# HP Start-up Problem



## lhassi (Oct 19, 2007)

Hello,

So I've got a problem, which is pretty much beyond me; no idea what could be causing it. :4-dontkno

Maybe some of you know what could be causing it.

Problem: HP Laptop does not always start up :upset:

Computer: 
- HP Pavilion dv9000ea
- Vista Home Premium (32b)
- AMD Turion 64 x2 1.6gh
- 2gb DDR2

So, what is happening is, that when the computer is off and I try and turn it on from the power button about 50% of the time this ends up in the computer not starting up. Rather, what happens is that the power does go on, the media buttons light up, the fan goes on, but the screen stays completely black. When this happens the laptop if on for about 5-10 seconds after which it turns off again. When it turns off, it starts up on its own again, after about 2s of being down. So it is infact trying to start up again, on its own. 

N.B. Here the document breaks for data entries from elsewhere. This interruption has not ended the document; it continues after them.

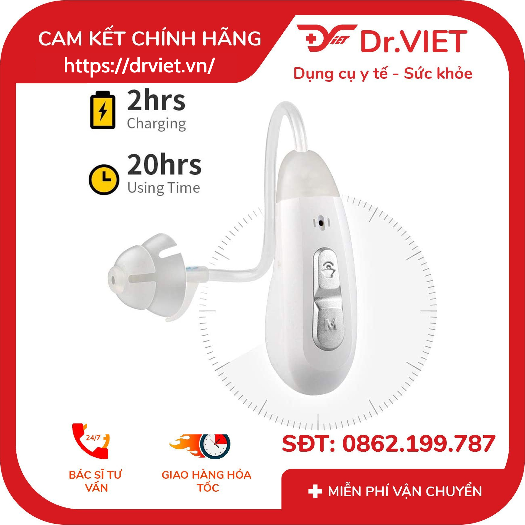 - Kiểu dáng: Vành tai (BTE)
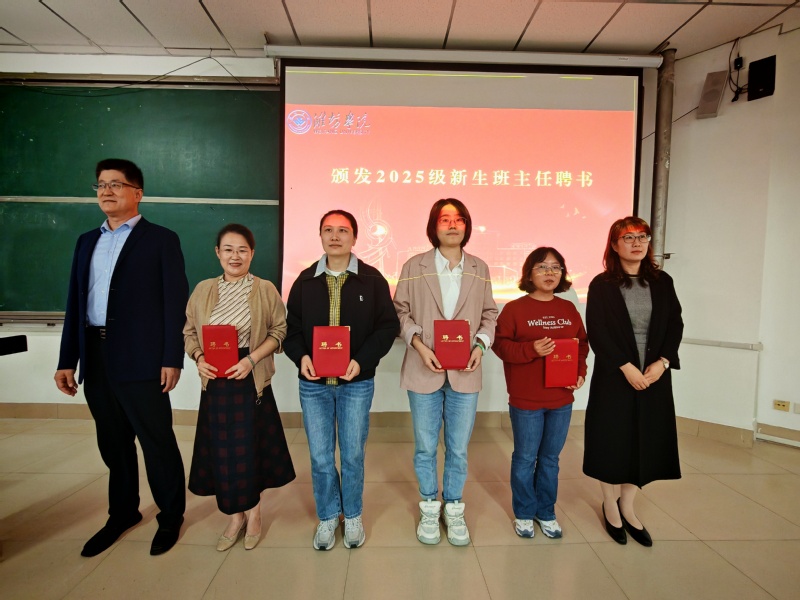 在班主任聘书颁发环节,张淑芝宣读了2025级新生班主任名单,杨文亭和许瑞瑞为班主任颁发聘书,为新生成长保驾护航。
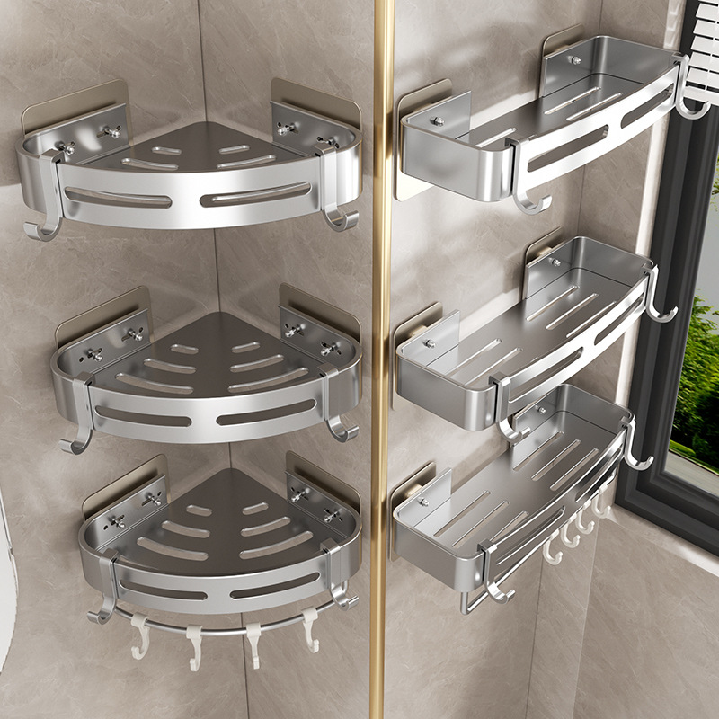銃灰浴室三角棚トイレ洗面台壁掛け収納穴なしトイレ宇宙アルミコーナーバスケット
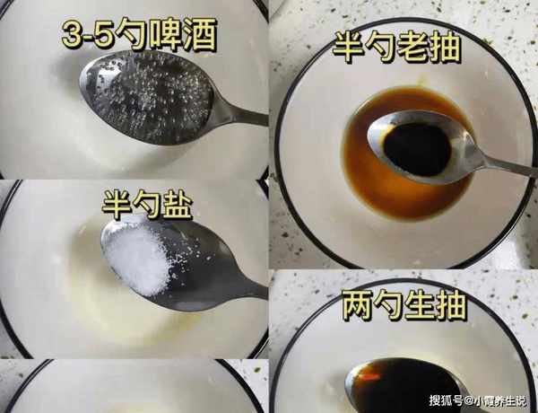第四:提前调配一下料汁,加上啤酒5勺,一勺生抽,半勺老抽和少许食盐,白糖一勺,将其搅拌均匀。
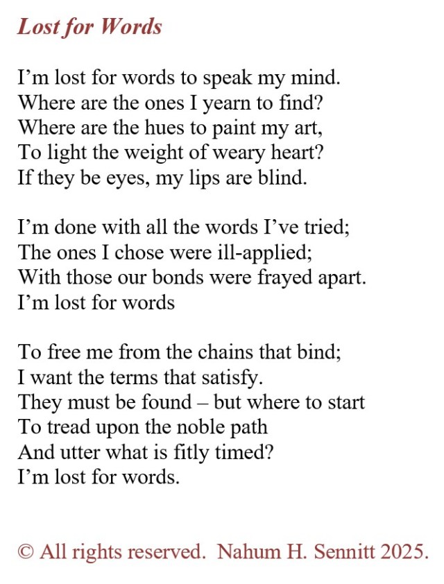Lost For Words (Poem) On 2025-11-10 By NahumIn Closed, Fixed Forms, Nahum's Poetry, Rondeau This poem that I wrote today is in the form of a rondeaux. God bless, Nahum. Share this: Click to share on X (Opens in new window) X Click to share on Facebook (Opens in new window) Facebook Like Loading... Related
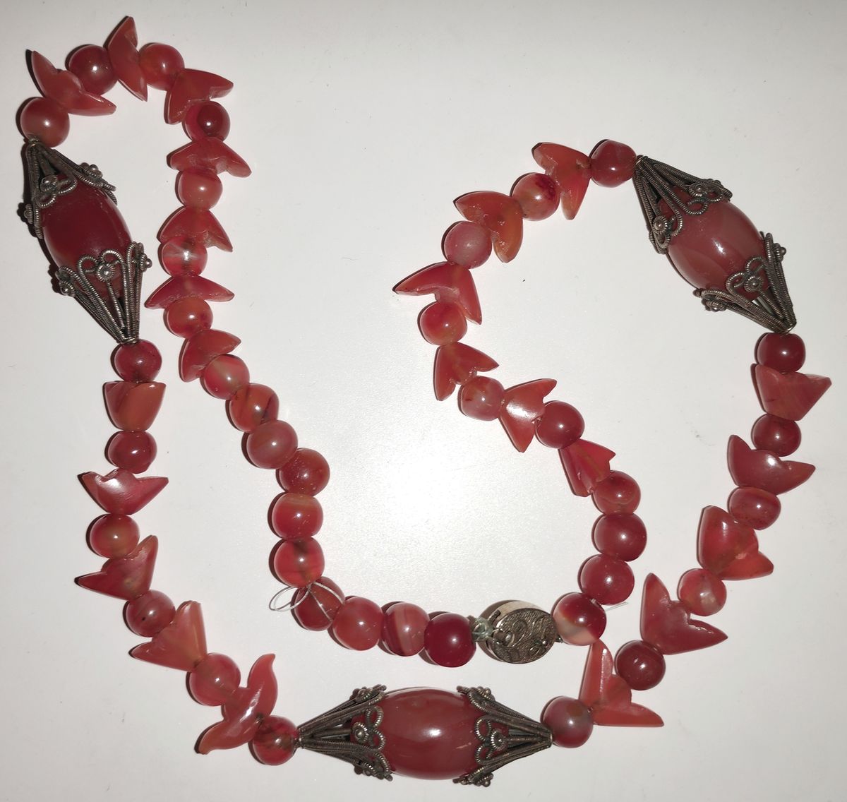 Różowy agat, srebro, pr. 3, waga cłk. 85 g, dł. 59 cm
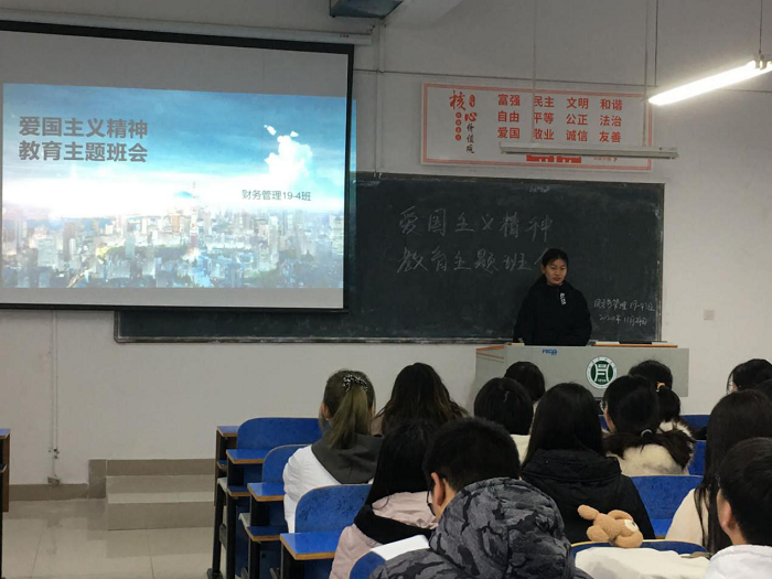 为了增强同学们的爱国情感,树立坚定的爱国主义理想信念,进一步规范文明行为,提高文明素质,12月28日,财经学院文明示范班——财务管理2019-4班学生开展了爱国主义精神教育主题班会。
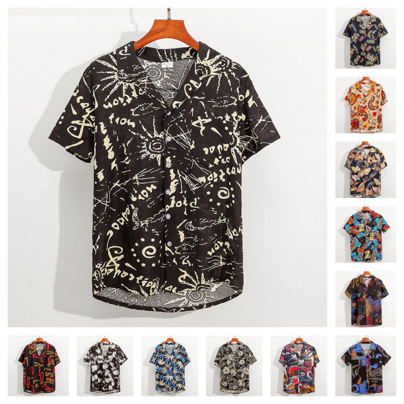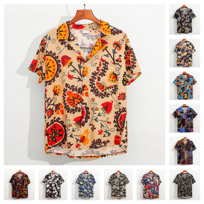 花衬衫 2022夏季 夏威夷海边度假衬衣 短袖 棉麻面料男士 新款 外贸欧码
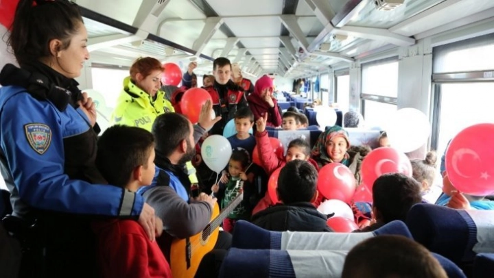 Elazığ polisi, depremin ardından aileleri ile birlikte vagonlarda yaşamaya başlayan çocuklar için bir etkinlik düzenledi.
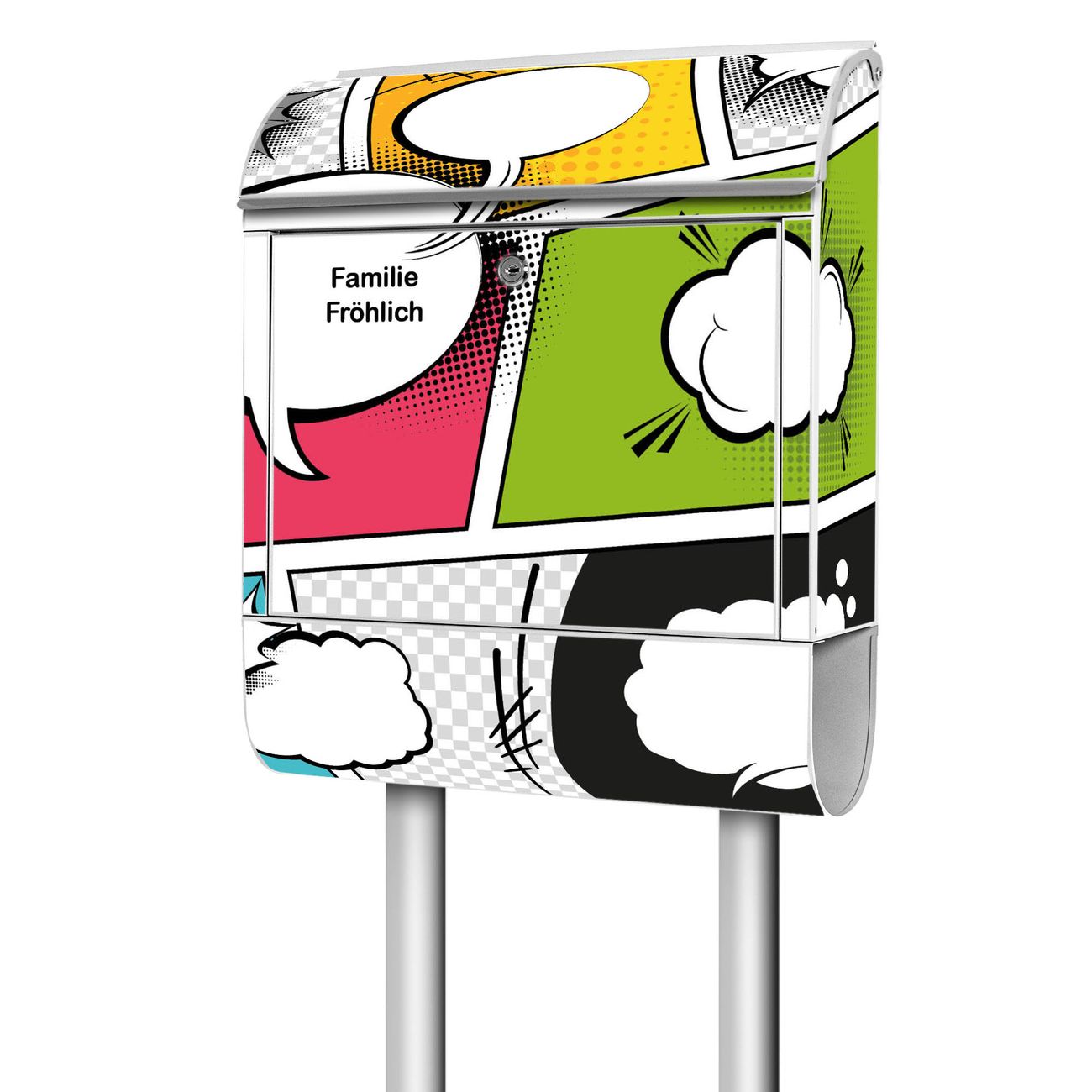 Der Standbriefkasten besteht aus pulverbeschichtetem Stahl und ist insgesamt ca. 161,5 x 47 x 16 cm groß. Das Motiv wird auf eine wetter- und UV-beständige Folie aufgebracht und mit einem robusten Schutzlaminat versiegelt. Damit bleibt die Farbbrillanz auch bei Sonne und Regen lange erhalten. Für einen sicheren Halt empfehlen wir, den Standbriefkasten mindestens 15 cm einzubetonieren. Jeder Briefkasten wird in Sachsen in einer kleinen Manufaktur von Hand veredelt - Sie erhalten ein Stück langlebige Handarbeit, das Funktionalität und Design vereint.

This on-off-on is repeated untill the power button is pressed until the laptop shuts down completely, or sometimes it starts up normally on its own after a few tries on it own (not often). Usually though, i have to press the power button myself to turn it off and back on until a normal star up follows. Strange eh? 

Nothing seems to be matter with the power supply, since the cord has a light to indicate power, and that light is on. 

Could this be with the ventilation? I have vacuumed it, but the laptop does heat up quite a lot at times. I have not opened the laptop for a full clean though, maybe a good idea.

Any help would be appreciated.

Thank you

Lauri


----------



## TriggerFinger (Jan 30, 2008)

hi lhassi,

try running *CHKDSK* . for more information on how to do this in Vista, check this document out:

http://www.vistax64.com/tutorials/67612-check-disk-chkdsk.html


----------